Hi, this question: Can I be frank?

phonetically looks like:
kæn aɪ bi fræŋk

Can is a modal verb and it can be reduced:
kən aɪ bi fræŋk

I read this in an American accent book:

When a word ends in a consonant and the next word begins with a vowel, connect the final consonant to the next vowel, making it sound as if the second word starts with a consonant

So, I linked Can with I:

n_aɪ bi fræŋk

I'm not sure about the word stress, tough. I know, we have two content words: "be" is a verb and "frank" is an adjective. Are both stressed?

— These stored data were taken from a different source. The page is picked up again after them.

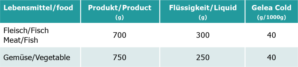 Mixer finement la viande ou les légumes et ajouter GELEA cold selon les instructions. Verser la purée dans les moules et congeler.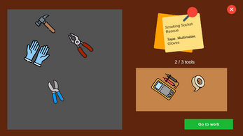Gameplay: MR. FIX-IT is a simulation and puzzle game where you play as a freelance electrician building your career from small repair jobs to large electrical systems. You start with simple tasks like replacing light bulbs, fixing outlets, and troubleshooting broken wiring. As you earn money and gain experience, you take on more complex jobs in bigger houses, luxury villas, and buildings with complicated electrical systems. Each job follows a simple process: check your computer for available work, read the problem description, prepare the tools you need, travel to the location, find the faulty part, and complete repair minigames to fix it. Finish jobs to earn money, upgrade your equipment, and unlock harder contracts. From a small handyman doing basic fixes, you gradually become a skilled electrician capable of handling complex electrical systems.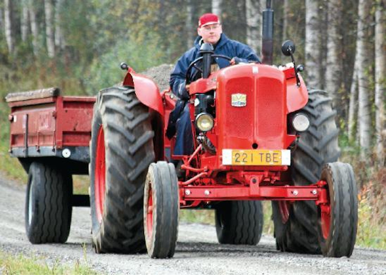 Super Majorin kytkinpolkimen vieressä ovat voimanottoakselin kytkentävipu ja startti. Mittaritaulun yhteydessä on käsikaasu ja äänimerkki. Vasemmanpuoleisesta mittarista löytyy öljynpaineen ja latauksen merkkivalot sekä lämpömittari, oikeanpuoleinen on tuntilaskijalla sekä yhdistetyllä kierrosluvun ja nopeuden mittarilla varustettu yleismittari. Ohjauspyörän alla olevassa paneelissa on yhdistetty virtalukko ja valokatkaisija, jonka yläpuolella on jälkiasennettu vilkkukatkaisija. Paneelin oikeassa reunassa ovat kertojavipu ja sammutin. Perusvaihteiston vaihdevalitsin on laatikon vasemmassa laidassa. Oikealla puolella ovat käsijarruvedin, yhteen lukittavat jarrupolkimet sekä jalkakaasu. Kuva: Kimmo KottaSuperin kyydissä istutaan melko korkealla verrattuna aiempiin malleihin, mikä johtuu jousitetusta istuimesta. Sinänsä tästä ei ole suurta haittaa, mutta koska kaikki hallintalaitteet ovat samoja kuin aikaisemmissa malleissa, joutuu korkealta penkiltä kurkottelemaan lähes jokaiseen hanikkaan.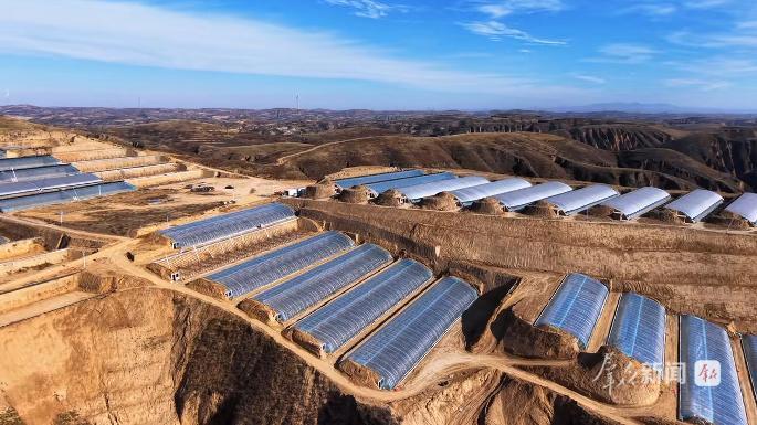 朱官寨镇落古峁村的现代农业产业园里,49座设施大棚顺着山势排开。棚外寒风刺骨,棚内圣女果挂满藤架,红绿相间。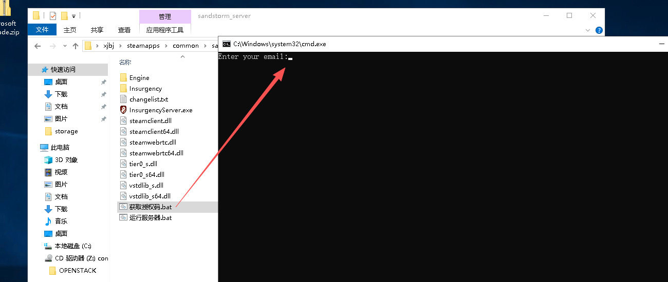 在你的叛乱服务器根目录【sandstorm_server】脚本中创建一个新的文本文档,将其重命名为获取授权码.bat

Any suggestion is appreciated.

2 Replies

"be" is only the copula ( a linking verb necessary in English for grammatical reasons), not a "content" word, so would be unlikely to be stressed. Only the adjective frank would be likely to carry stress, unless of course there was a contrastive element implied by one of the other words. So the most likely pronunciation would be :

/kən_aɪ bɪ 'fræŋk/ or even /kən_ə bɪ 'fræŋk/

with "I" and "be" also subject to vowel reduction as they are in unstressed position. If any other word was stressed, (contrastive stress aside) it would probably be "can"

/kæn_ə bɪ 'fræŋk/

Incidentally, this is a matter of sentence stress rather than word stress, and it's phonemic rather than phonetic script - but the answer remains the same 🙂 It doesn't make much difference in this case whether it's US English or any other variety, either.

Thanks for your reply. Your time is greatly appreciated.